START Data extracts
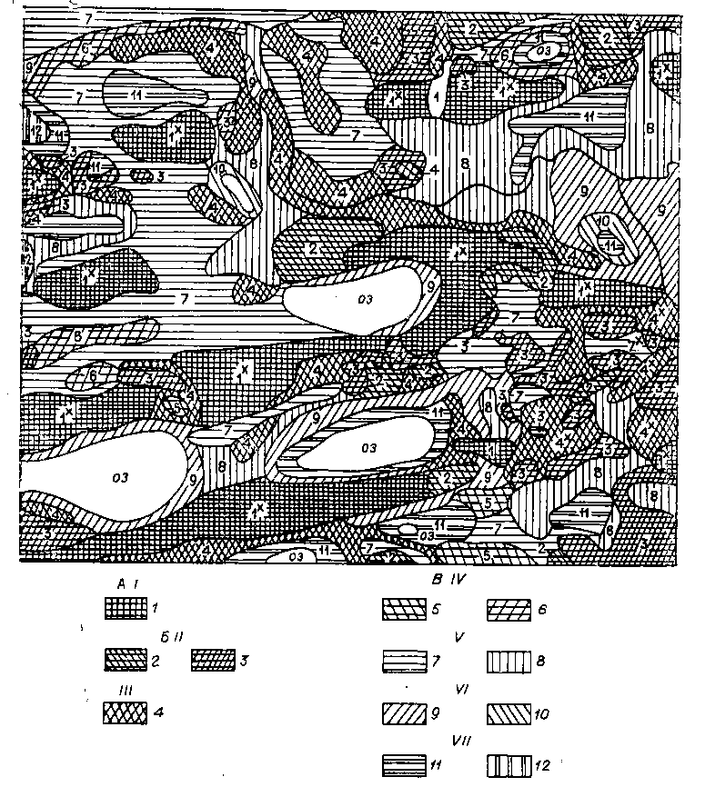 Фрагмент крупномасштабной карты растительности Омской области (по И. Н. Лавренко, 1972).
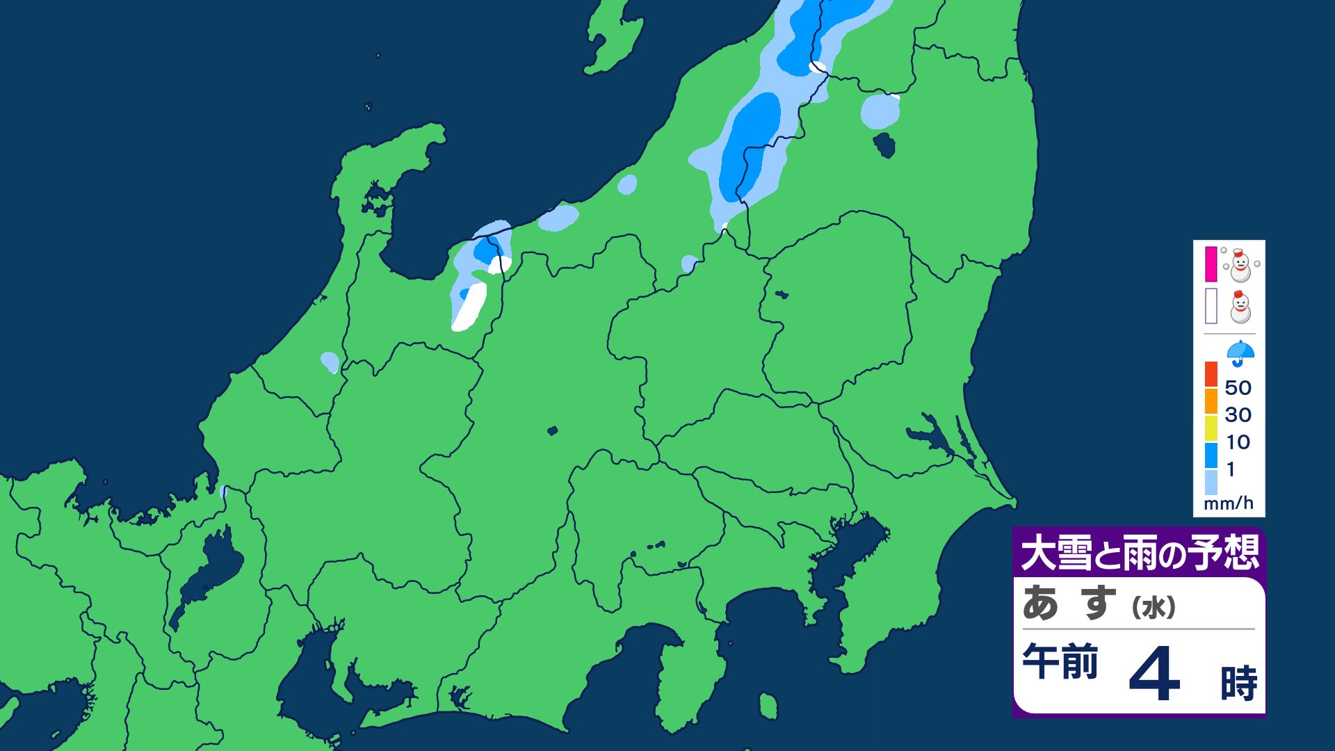 4日の雪と雨の予想
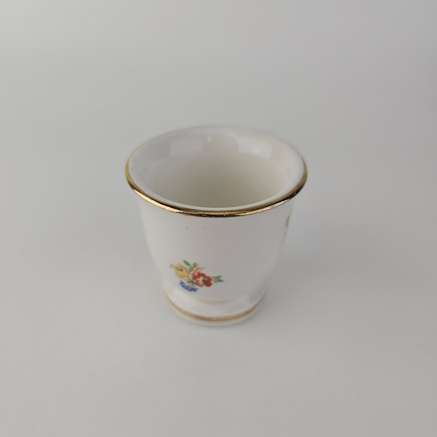 Anna Sofie er hvidt fajance dekoreret med guld kant og små farverige blomster
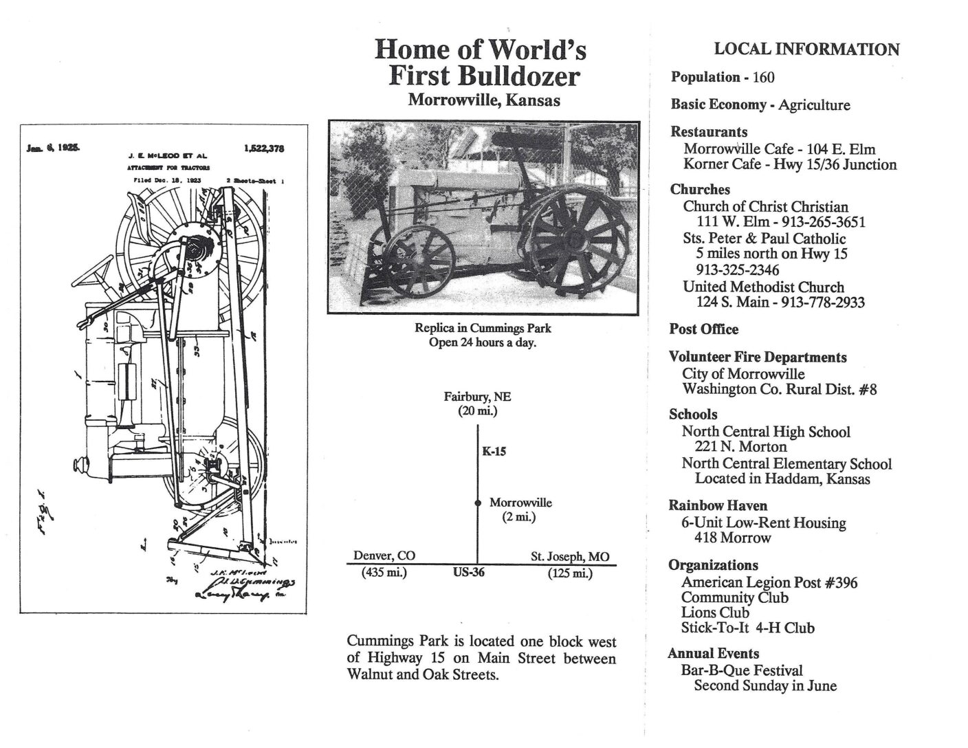 In 1923, a young Morrowville farmer named James (Jim) Cummings and a draftsman named J. Earl McLeod designed a front-mounted scraper blade for a tractor.
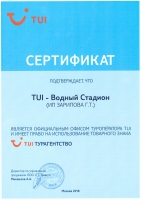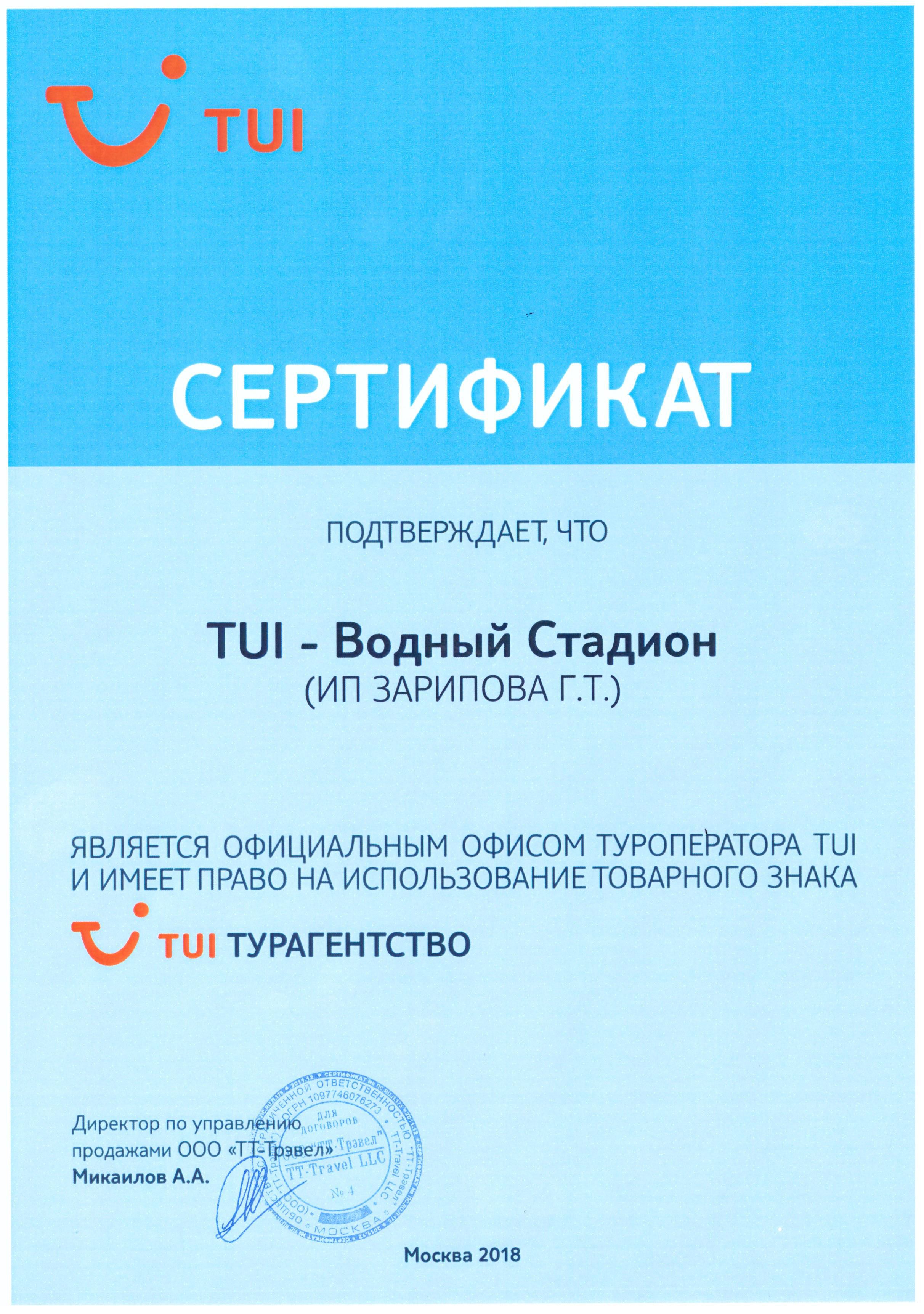 TUI - Сертификат, подтверждающий, что агентство TUI - Водный стадион (ИП Зарипова Г.Т.) является официальным офисом туроператора TUI (2018 год).
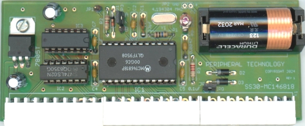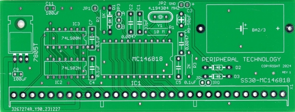 The PT-146818 is an SS30 clock board for the SWTPC 6800 or 6809 system. It can be used in 1MHZ or 2MHZ systems. In a FLEX system the RTC is used to set the date. The SET6818 utility allows the date and time to be set in either 12 or 24 hour format. SET6818 will also display the date and time. When used with OS9 the PT-146818 will supply a source of periodic interrupts. OS9 uses these interrupts to switch tasks and to keep its clock. OS9's clock is a software clock, and the PT-146818 is used to set the initial date/time at power up and is a source of periodic interrupts.
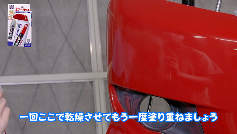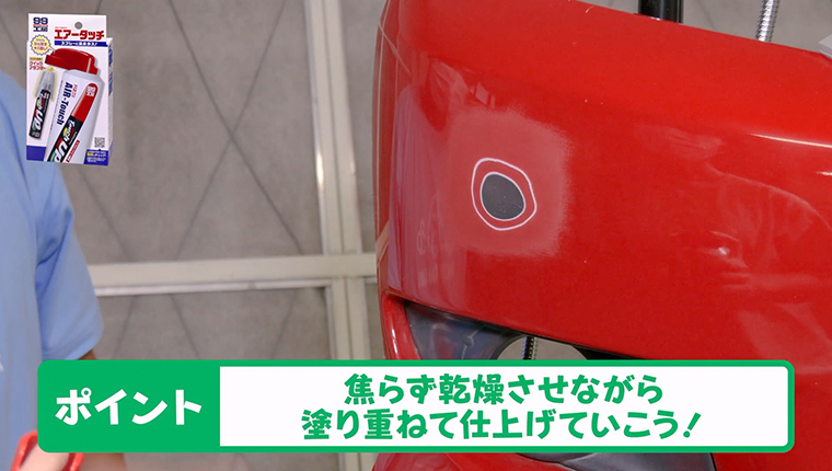 まずはキズの部分を中心に『エアータッチ』で消していきます。どうしても1度では消えないので何度か塗り重ねて消していきますが、塗り重ねたら乾燥、塗り重ねたら乾燥、というイメージでじっくりと仕上げていきましょう。
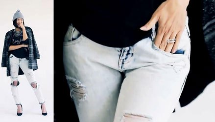 Với tông mũ màu xám, bạn nên chọn quần jeans bạc. Thêm vào đó, hãy tô điểm với những chiếc vòng cổ bạc để tăng thêm "chất" cho trang phục. Jeans bạc với những đường xẻ vải cá tính. Thêm một đôi giầy cao gót với dây buộc kim loại phía sau.
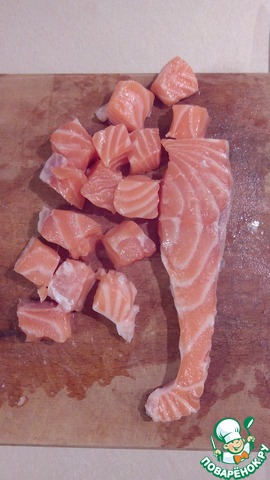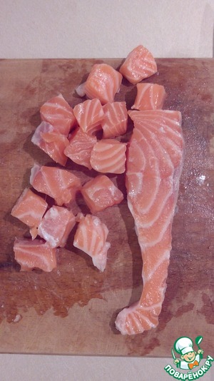 1. Очистить кусок семги от кожи и костей. Разрезать на кубики приблизительно по 1-1,5 см.
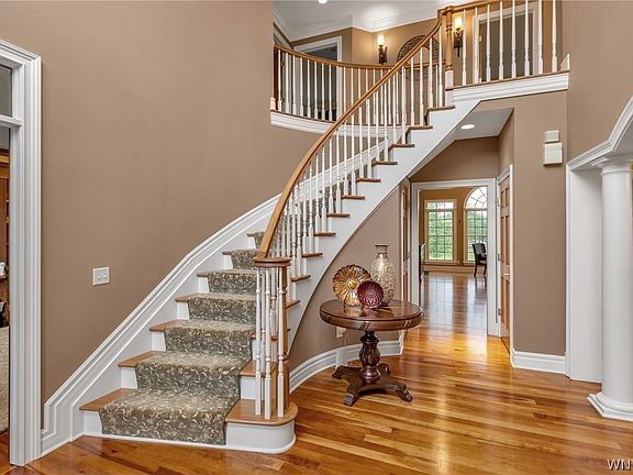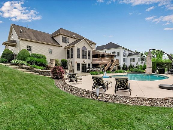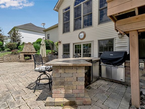 Stunning and well maintained Natale built luxury living in quiet Clarence neighborhood featuring a two-story foyer, large bright eat in gourmet kitchen with morning room and walk out to covered deck overlooking private yard, walk in pantry, formal dining room, large coffered ceiling family room with gas fireplace, gorgeous office/den with built in bookcase and desk. Second floor features four spacious bedrooms, primary bedroom with en suite full bath and heated floors, three walk in California closets, one of the three closets can be used as additional office/den space. Fully finished walk out basement with full bath, cedar closet and ample storage space. Private outdoor oasis features a large patio, wood burning fireplace, in ground salt water gunite spa pool, outdoor kitchen with bar table, gas grill and fridge. 3,5 car sideload garage, security system, Cummins generator, newer furnaces, hot water tanks and pool heater. Close to miles long bike path and central to shopping. The list goes on, this home has it all and is an entertainer's dream!! Tax record sqf does not include additional space and third bathroom in basement.
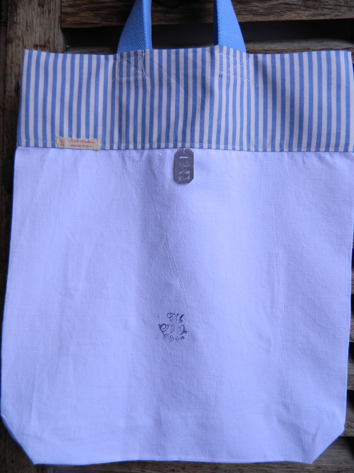 A part ça , j'ai crée mes sacs , très peso (un exemplaire) pour vos courses , la plage ou visite chez la copine(pour la rendre jalouse).Les sacs sont faits avec un tissus très ancien (vieux draps) LE CHANVRE.Trés solide et si jolie et diffèrent.
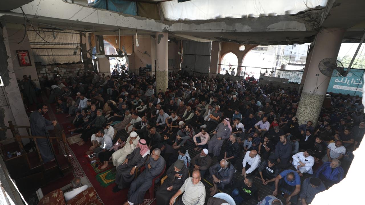 İsrail ordusunun ateşkesin ardından çekildiği Gazze Şeridi'nin orta kesiminde yer alan Nuseyrat Mülteci Kampı’nda cuma namazı kılındı.
END Data extracts
Your task:
Out of the records above, return only the lines from the one with "TUI - Сертификат, подтверждающий, что" through the one with "1. Очистить кусок", exactly, and none of the pictures.

Answer below:
 TUI - Сертификат, подтверждающий, что агентство TUI - Водный стадион (ИП Зарипова Г.Т.) является официальным офисом туроператора TUI (2018 год).
 The PT-146818 is an SS30 clock board for the SWTPC 6800 or 6809 system. It can be used in 1MHZ or 2MHZ systems. In a FLEX system the RTC is used to set the date. The SET6818 utility allows the date and time to be set in either 12 or 24 hour format. SET6818 will also display the date and time. When used with OS9 the PT-146818 will supply a source of periodic interrupts. OS9 uses these interrupts to switch tasks and to keep its clock. OS9's clock is a software clock, and the PT-146818 is used to set the initial date/time at power up and is a source of periodic interrupts.
 まずはキズの部分を中心に『エアータッチ』で消していきます。どうしても1度では消えないので何度か塗り重ねて消していきますが、塗り重ねたら乾燥、塗り重ねたら乾燥、というイメージでじっくりと仕上げていきましょう。
 Với tông mũ màu xám, bạn nên chọn quần jeans bạc. Thêm vào đó, hãy tô điểm với những chiếc vòng cổ bạc để tăng thêm "chất" cho trang phục. Jeans bạc với những đường xẻ vải cá tính. Thêm một đôi giầy cao gót với dây buộc kim loại phía sau.
 1. Очистить кусок семги от кожи и костей. Разрезать на кубики приблизительно по 1-1,5 см.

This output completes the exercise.